For Viktor, she suspected even back then – drunk on unfamiliar feelings and unfamiliar sounds as she was, yet clearheaded for all that – it was a dangerous moment. For it is, she imagines, staring out over the street, in moments such as those that people fall in love. Or say they have. Or think they have. And she fancifully asks herself: did he, in that moment, fall in love with her in German? Did she? A forbidden language; a forbidden love?
For Viktor was engaged. And she only had to look at him to see the mind of Viktor, who believed what he said but, at the same time, could scarcely believe he’d said it, weighing up the moment. And, judging it dangerous, he laced his shoes and put his coat on without speaking further. Almost as though he didn’t trust himself to speak further. He merely muttered something about the time and the shop, and she nodded. She understood.
And with this understanding hanging in the air, and with the room’s allotted afternoon sun almost run out, he closed the door behind him and slipped out along the side of the school and over the small yard that led onto the main street. Unobserved. Or so he imagined.
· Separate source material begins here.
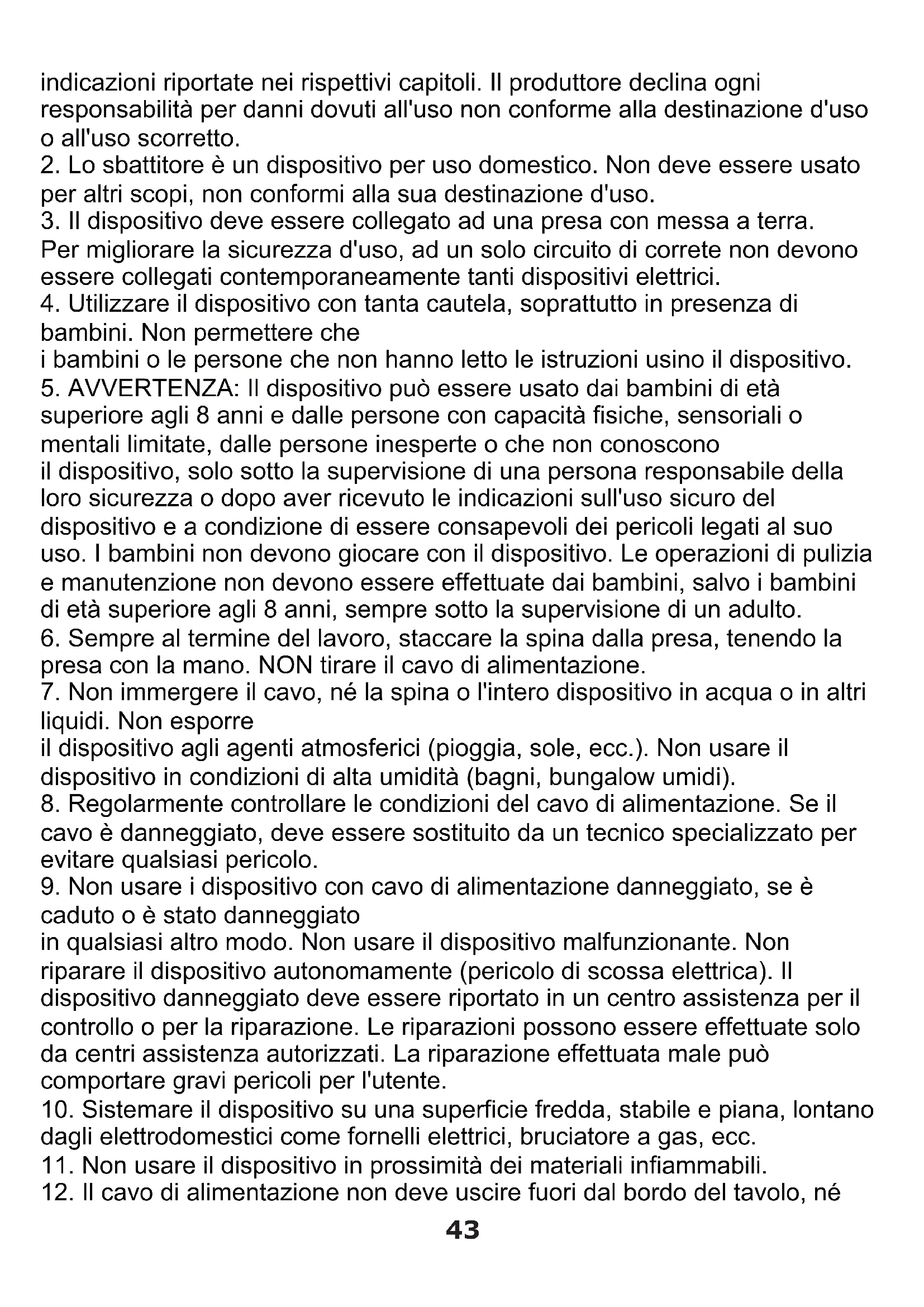 2. Lo sbattitore è un dispositivo per uso domestico. Non deve essere usato

But Viktor’s departure was observed, every furtive step of the way, from the senior classroom window where Mrs Collins, the headmistress (a woman six years older than Maryanne, whose husband was away at the war), noted Viktor’s exit, and that he was possibly coming from the direction of the junior mistress’s room, or possibly not. But, above all, she would have noted that the town’s draper was departing like a thief from a crime scene, and it was this, more than anything, that would have raised her eyebrows and roused her curiosity.
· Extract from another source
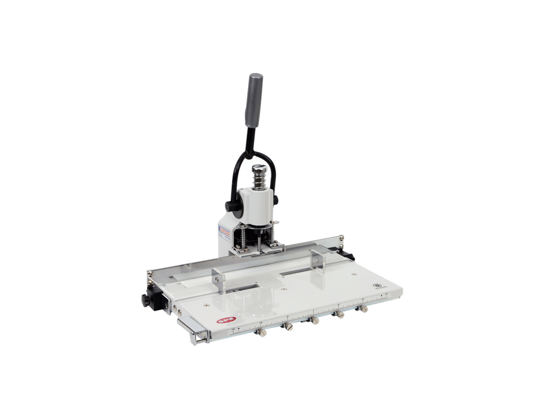 Επαγγελματικό διατρητικό μηχάνημα με δυνατότητα διάτρησης 300 φύλλα/φορά, οδηγό κοπής, με συρόμενο τραπεζάκι με πέντε μεταβλητούς οδηγούς, μεταβλητό βάθος τρυπήματος και δυνατότητα επιλογής διαφορετικών διαμέτρων drills (από 3mm έως 8mm).

Maryanne knows this because as soon as he closed the
door on her she rose from her bed and followed him out into the laneway, unseen. She leaned against the school wall, watching him, on the point of calling him back. But she didn’t. It was only when he was gone, as she slowly turned back to her room, that she saw the fleeting, but unmistakable, figure of Mrs Collins disappearing from her window. And in that moment, she drew the inevitable conclusion: Viktor had been observed. Mrs Collins knew.
Afterwards she sat on her bed looking about the room. A room now changed. Dingy, but with its moments of sunlit danger. And words – schöne, schöne Frau – the likes of which had never been spoken in the room before, still hanging in the air.
***
After the doctor told her (it was a school half-day and she’d gone to him because she had mysteriously lost her appetite, didn’t feel like eating), she floated up the hill to the gardens in a dream. Not just in the sense that everything looked and felt like a dream: people in the town floating by, she herself unaware of her feet on the ground, trees a luminous green, roses a golden yellow. It was more than that. As she floated up the hill, she had the distinct feeling of looking at everything for the first time. Really looking at things, and feeling them: their movements, their vibrations. The sort of sensation that, one day, people in another age would call a ‘trip’.